RM HIGGINS, AJ RICHARDSON, PJ RATCLIFFE, CG WOODS, DO OLIVER, PJ MORRIS; Total Parathyroidectomy Alone or with Autograft for Renal Hyperparathyroidism?. QJM 1991; 79 (1): 323-332. doi: 10.1093/oxfordjournals.qjmed.a068553
Seventy-six patients underwent parathyroidectomy for renal hyperparathyroidism. There were 10 subtotal parathyroidectomies, 49 total parathyroidectomies with implantation of part of one gland as an autograft, nine total parathyroidectomies with no autograft, and eight patients in whom only three parathyroid glands were found.
In 34 dialysis patients who underwent total parathyroidectomy with an autograft there was a high rate of recurrent hyperparathyroidism after 6 years in those remaining on dialysis. Fifty per cent had asymptomatic recurrent hyperparathyodism and 30 per cent required partial autograft excision for symptomatic hyperparathyroidism. In contrast, recurrent hyperparathyroidism was rare in renal transplant recipients with good renal function. This favourable outcome did not depend upon whether parathyroid surgery was performed before or after transplantation, or on the type of parathyroidectomy. Total parathyroidectomy without an autograft was performed in nine dialysis patients without any short-term adverse effects, and with clinical and pathological improvement in bone disease.

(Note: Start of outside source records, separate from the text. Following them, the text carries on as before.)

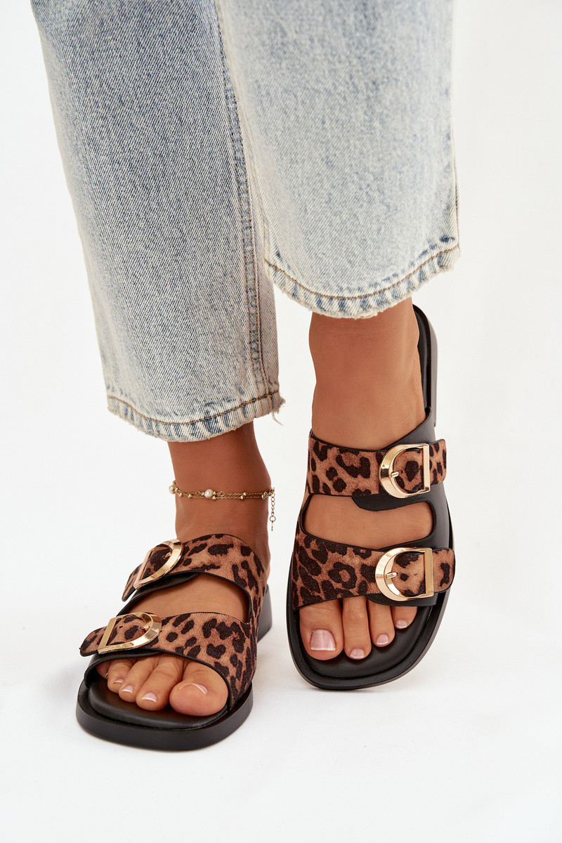 Infradito da donna color oro con fibbie in stampa leopardata color nero e marrone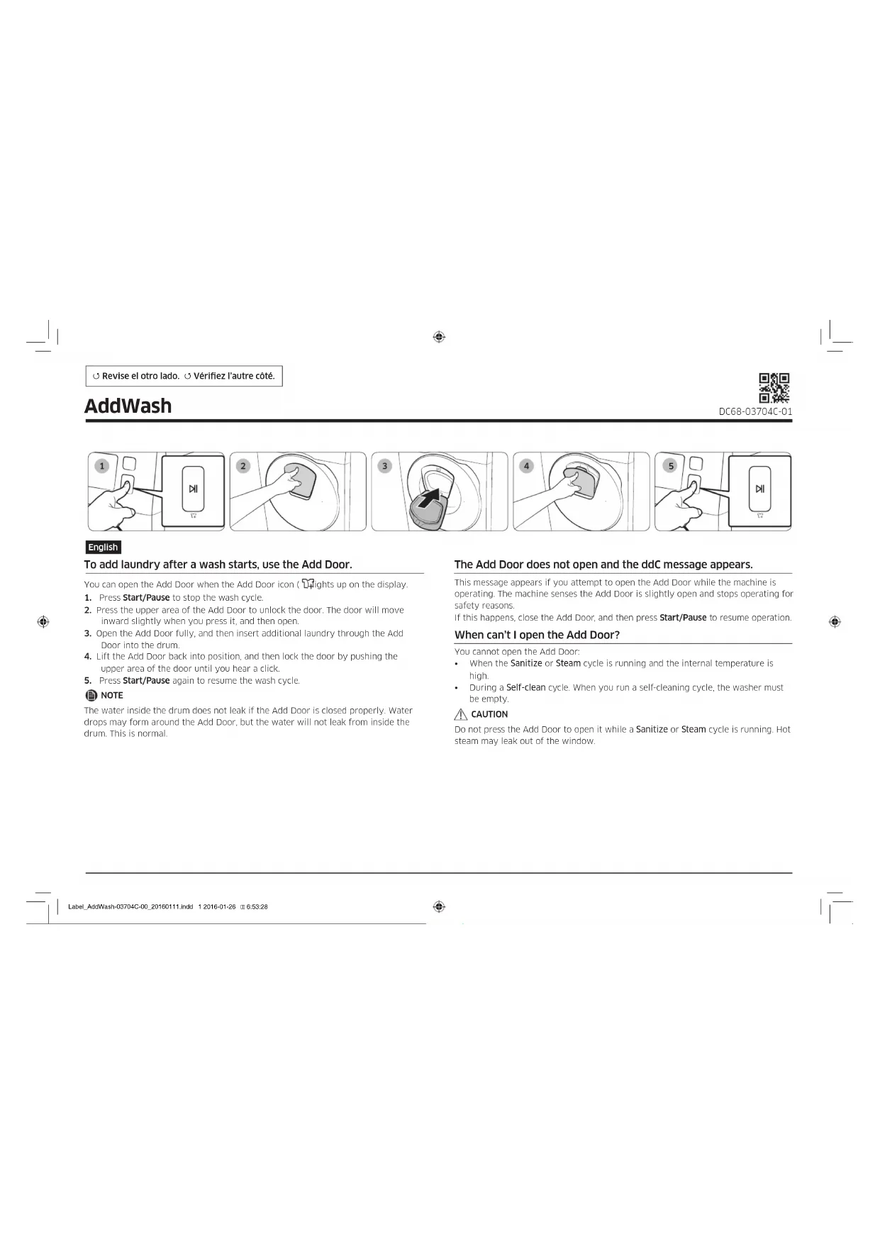 Revise el otro lado. Vériez l’autre côté. AddWash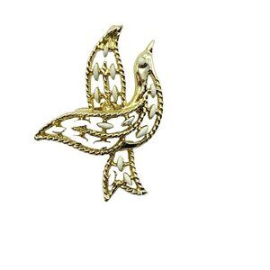 Vintage Gerry's Gold Tone Enamel Bird Dove Brooch Pin Pendant 2"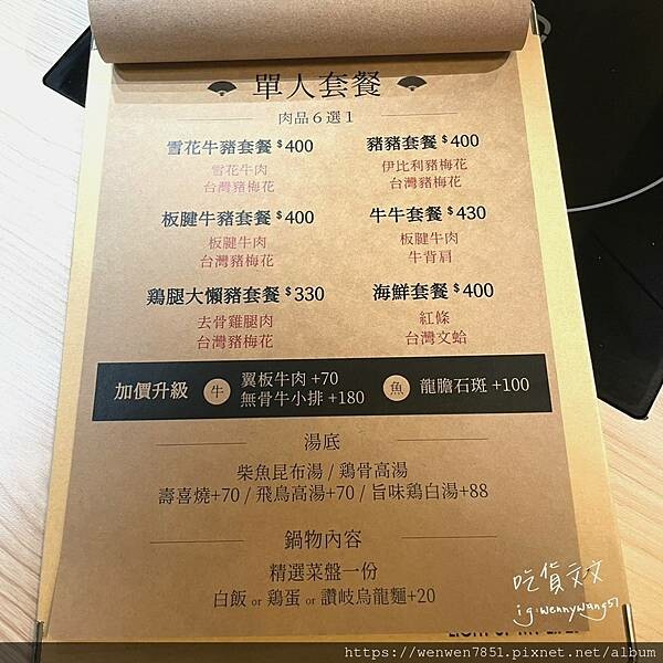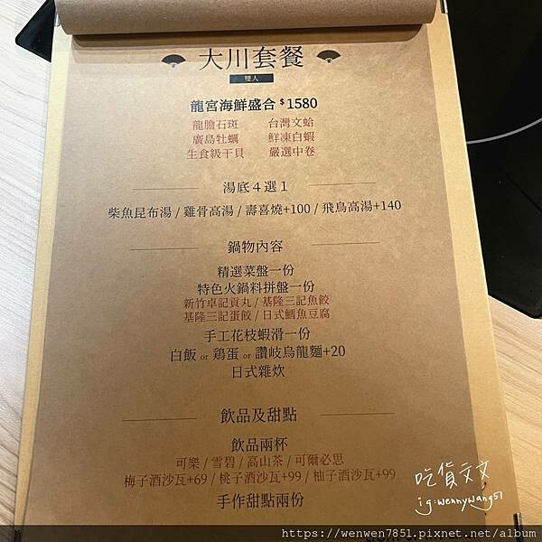 雙人套餐有「煙花套餐」「大川套餐」「太鼓套餐」「水炊鍋」,

In summary, the results of surgery for renal hyperparathyroidism were excellent in patients who received a successful renal transplant. However, there was a high incidence of recurrent hyperparathyroidism in patients who remained on long-term dialysis. Total parathyroidectomy without an autograft may be the treatment of choice in patients unlikely to receive a renal transplant.